0
votes

I think I mostly understand the semantics of the various memory_order flags in the C++ atomic library.

However, I'm confused about the following situation:

Suppose we have two threads - Thread A, which is a "main execution" thread, and Thread B, which is some arbitrary thread that is part of a thread pool where tasks can be scheduled and run.

If I perform a "read-write-update" atomic operation using std::memory_order_acq_rel, then perform a non-atomic write on a boolean variable, is the non-atomic write immediately visible to other threads? I would think the answer is no, unless the other threads also access the atomic variable that did the "read-write-update" operation.

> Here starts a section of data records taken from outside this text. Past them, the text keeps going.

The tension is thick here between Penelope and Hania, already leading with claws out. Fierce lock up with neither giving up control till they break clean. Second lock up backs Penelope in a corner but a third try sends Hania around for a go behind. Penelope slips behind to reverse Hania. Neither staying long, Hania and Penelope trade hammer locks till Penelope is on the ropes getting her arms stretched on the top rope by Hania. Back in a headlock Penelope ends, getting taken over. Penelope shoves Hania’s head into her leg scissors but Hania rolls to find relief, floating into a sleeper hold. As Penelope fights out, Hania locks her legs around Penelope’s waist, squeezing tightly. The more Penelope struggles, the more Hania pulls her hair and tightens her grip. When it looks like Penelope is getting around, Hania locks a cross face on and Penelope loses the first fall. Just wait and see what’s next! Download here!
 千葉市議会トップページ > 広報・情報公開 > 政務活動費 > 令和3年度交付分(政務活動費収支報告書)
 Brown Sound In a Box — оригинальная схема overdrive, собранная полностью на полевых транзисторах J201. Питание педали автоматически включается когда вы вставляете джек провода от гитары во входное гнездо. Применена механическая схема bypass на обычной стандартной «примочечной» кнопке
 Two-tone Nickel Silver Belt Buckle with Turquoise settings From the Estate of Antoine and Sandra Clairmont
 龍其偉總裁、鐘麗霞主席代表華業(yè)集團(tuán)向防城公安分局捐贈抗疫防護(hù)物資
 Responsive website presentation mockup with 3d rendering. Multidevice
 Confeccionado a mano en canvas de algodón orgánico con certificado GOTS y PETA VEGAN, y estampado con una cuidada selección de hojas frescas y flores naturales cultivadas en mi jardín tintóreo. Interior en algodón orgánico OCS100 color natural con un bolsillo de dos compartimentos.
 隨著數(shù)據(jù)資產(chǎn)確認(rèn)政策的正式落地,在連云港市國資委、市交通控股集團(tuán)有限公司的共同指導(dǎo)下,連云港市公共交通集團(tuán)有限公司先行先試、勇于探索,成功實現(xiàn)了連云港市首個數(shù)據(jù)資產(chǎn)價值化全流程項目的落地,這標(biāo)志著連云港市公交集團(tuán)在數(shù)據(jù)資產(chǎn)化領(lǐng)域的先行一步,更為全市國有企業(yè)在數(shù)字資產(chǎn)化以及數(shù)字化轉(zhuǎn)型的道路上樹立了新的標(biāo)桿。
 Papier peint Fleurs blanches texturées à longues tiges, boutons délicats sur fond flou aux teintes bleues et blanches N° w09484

So, for example, given a global std::atomic_flag variable X, a global bool value B, and a thread pool object THREADPOOL that has a member function dispatch, which will execute arbitrary function handlers in another thread:

if (!X.test_and_set(std::memory_order_acq_rel)
{
   if (SOME_CONDITION) B = true;
   THREADPOOL.dispatch([]() { 
      // This executes in Thread B
      if (B) { /* do something */ } // are we guaranteed to see changes to B?
   });
}

So in this example, the code inside the lambda function will be executed in a different thread. Is that thread necessarily going to see the (non-atomic) update to B made in the first thread? Note that the second thread does not access the atomic_flag, so my understanding is that changes to B will not necessarily be seen in the second thread.

Is my understanding correct here? And if so, would using std::memory_order_seq_cst change that?

2

2 Answers

3
votes

Correct implementation of dispatch method in THREADPOOL should provide happens-before relation between all operations executed by the caller before this method call and all operations executed by the function(lambda in your case), passed to the method.

So, auxiliary thread, executed your lambda function, will definitely see value of B, assigned by the main thread.

Without happens-before order, the only way to garantee immediate visibility of variable modification is to use std::memory_order_seq_cst for both modification and reading. See, e.g., this question.

3
votes

No memory order specification makes future memory accesses visible. At most, they prevent them from becoming visible before the atomic access is visible.

If you want to ensure a particular access does become visible, you must either enforce a particular memory ordering on that access or you must have a future access that uses memory ordering to ensure it is sequenced after the access you want to make visible.

All atomic operations are atomic. Memory ordering only allows you to do three things:

  1. Establish ordering of this atomic operation with respect to prior operations, atomic or not -- this operation is guaranteed to come after them.

  2. Establish ordering of this operation with respect to future operations, atomic or not -- this operation is guaranteed to come before them.

  3. Establish ordering with other atomic operations.

None of these ensure future non-atomic operations occur "soon" or become visible at any particular time.